D1.4 The Periodic Table
As you saw in the videos previously, the elements Li, Na, K, Rb, and Cs have similar properties and react with air and water in similar ways. In addition, all these elements react with fluorine, chlorine, bromine, and iodine to form similar compounds: LiF, NaF, KF, RbF, CsF, LiCl, NaCl, etc. (These compounds are collectively referred to as “salts” because their properties are similar to those of table salt, NaCl.) The reaction of Na(s) with Cl2(g) to form NaCl(s) is shown in this video.
The elements Li, Na, K, Rb, and Cs are called alkali metals. The elements F, Cl, Br, and I are called halogens. (“Halogen” comes from Greek hals, halo—”salt”.) All halogens consist of diatomic molecules, such as Cl2. Another group of elements, Be, Mg, Ca, Sr, and Ba also have similar physical properties, react with air and water (but more slowly than alkali metals), and react with halogens to form compounds with formulas like BeF2, BeCl2, MgCl2, etc. Be, Mg, Ca, Sr, and Ba are known as alkaline earth metals or alkaline earths. Just before the turn of the 20th century, chemists discovered another group of similar elements: He, Ne, Ar, Kr, and Xe. All are gases that undergo almost no chemical reactions, so He, Ne, Ar, Kr, and Xe are called noble gases. (One meaning of “noble” is “unreactive”.)
Here is a list of the first twenty elements in order of increasing atomic number:
H He Li Be B C N O F Ne Na Mg Al Si P S Cl Ar K Ca
The noble gases, alkali metals, alkaline earth metals, and halogens are color coded. Notice that the colors repeat periodically—every eight elements. About 150 years ago, Russian chemist Dmitri Mendeleev recognized this periodicity and created a table with horizontal rows of elements in atomic-weight order and groups of similar elements in vertical columns. Since Mendeleev’s time many more elements have been discovered: there are 118 in the modern periodic table below. But the idea of rows (periods) across which properties of elements vary and columns (groups) of elements with similar properties remains.
Each group (column) is identified by two numbers. The alkali-metal group is group 1 or IA; the alkaline-earth group is group 2 or IIA; the halogen group is group 17 or VIIA; and the noble-gas group is group 18 or VIIIA. The first number is designated by the International Union of Pure and Applied Chemistry; the second is more commonly used in the United States.
Down the left side of the table, the periods (rows) are numbered from 1 to 7. The first period contains only two elements; the second and third periods contain eight elements each; the fourth and fifth periods each contain 18 elements; and the sixth and seventh periods contain 32 elements. (Some elements in these latter two periods have been moved to the bottom of the table so it can fit on a printed page and be big enough to read. The curved arrows show where these elements should fit.)

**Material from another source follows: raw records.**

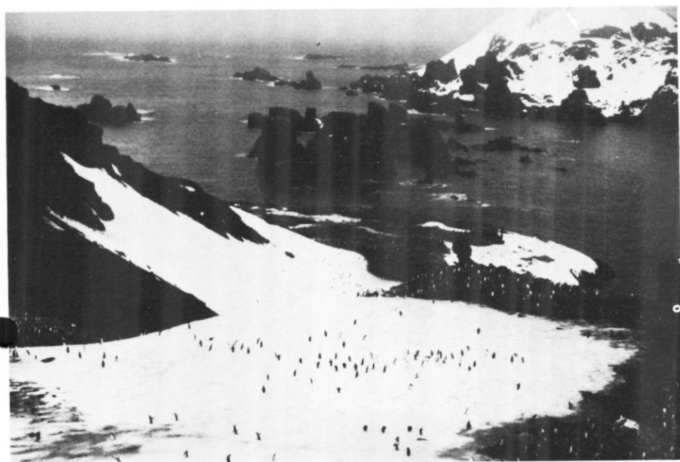
Fig. 2. Part of the large chinstrap penguin colony at Metchnikoff Point, Brabant Island. Photographed 29 December 1983.
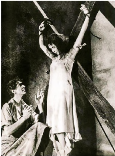
Illustration 20: Murders In The Rue Morgue
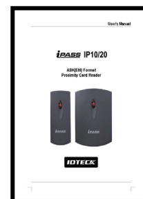
User's Manual (1copy)
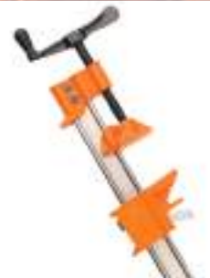
Jorgensen I-Beam Clamp
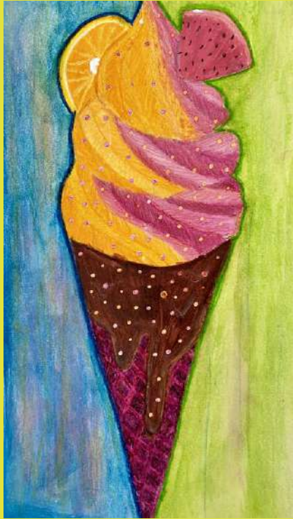
32. Penny Theophilides
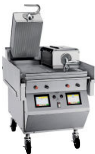
Model G819 Includes grooved upper platen.
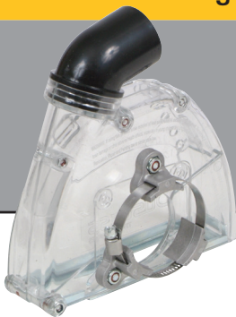
CutBuddie Dust Shroud (5" Model D1730)
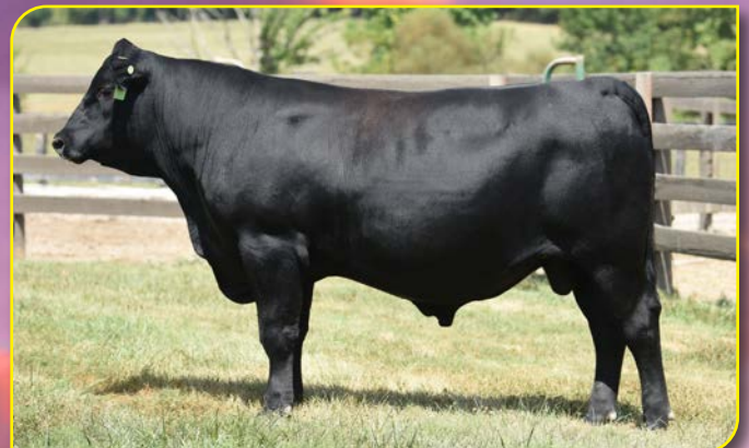
Heritage Surpass 352 - Lot 32

These herd bull prospects sell as lots 31 & 32.
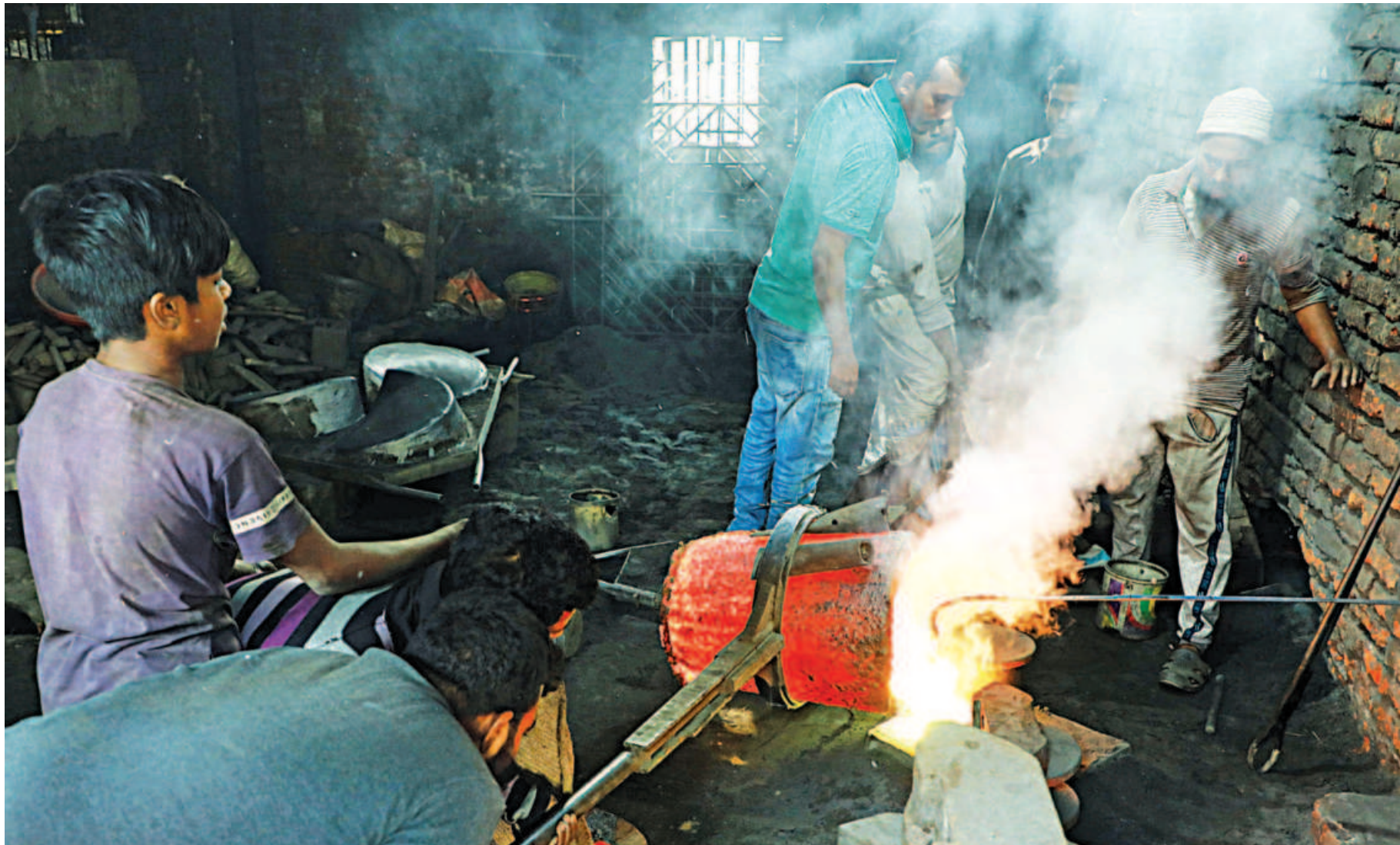
Workers casting metal to make various ship equipment at a shipyard in Keraniganj's Aganagar. A lot of risk is involved in the work but people and children are seen working there without any safety gear. This photo was taken recently.
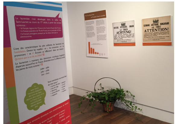
“Le français au Canada” and “Read Between the Signs” at the Canadian Language Museum, Toronto, ON

The table is color coded to indicate whether an element is a metal, a metalloid, or a nonmetal. Metals conduct electricity, have lustrous surfaces when pure, combine with other metals to form alloys, and are malleable and ductile. The electrical conductivity of metals increases as temperature decreases. Non-metals are electrical insulators, usually are brittle as solids but may be liquids or gases at room temperature, and combine with other nonmetals by forming covalent bonds. Metalloids are intermediate between metals and nonmetals, Metalloids have lower electrical conductivity than metals but their conductivity increases as temperature increases.
Most elements are metals (the large blue-gray area); only 20 elements are nonmetals and six are metalloids. Notice that some groups, such as groups 14 (IVA) and 15 (VA) contain nonmetals, metalloids, and metals. This means that properties (electrical conductivity, for example) of some elements in these groups are significantly different from properties of other elements in the group; that is, in some groups elements are not as similar to each other as in the alkali-metal group. In all groups, however, the formulas of compounds are similar. For example, in group 14 (IVA), all elements form oxides with formulas XO2: CO2, SiO2, GeO2, SnO2, and PbO2. (Fl, flerovium, has been formed in quantities of only a few atoms in a particle accelerator, so the formula of its oxide has not been determined experimentally.)
Similarity of chemical formulas for elements in the same periodic group involves valence, the combining power of an atom. For example, sodium has a valence of 1 and so does chlorine; therefore, sodium and chlorine form the compound NaCl in which sodium atoms and chlorine atoms combine in a 1:1 ratio. Oxygen has a valence of 2; therefore the formula for sodium oxide is Na2O—it takes two valence 1 sodium atoms to match to oxygen’s valence of 2. From this you should be able to predict that the valence of C (or Si, Ge, Sn, or Pb) is 4 because the formula of carbon dioxide is CO2.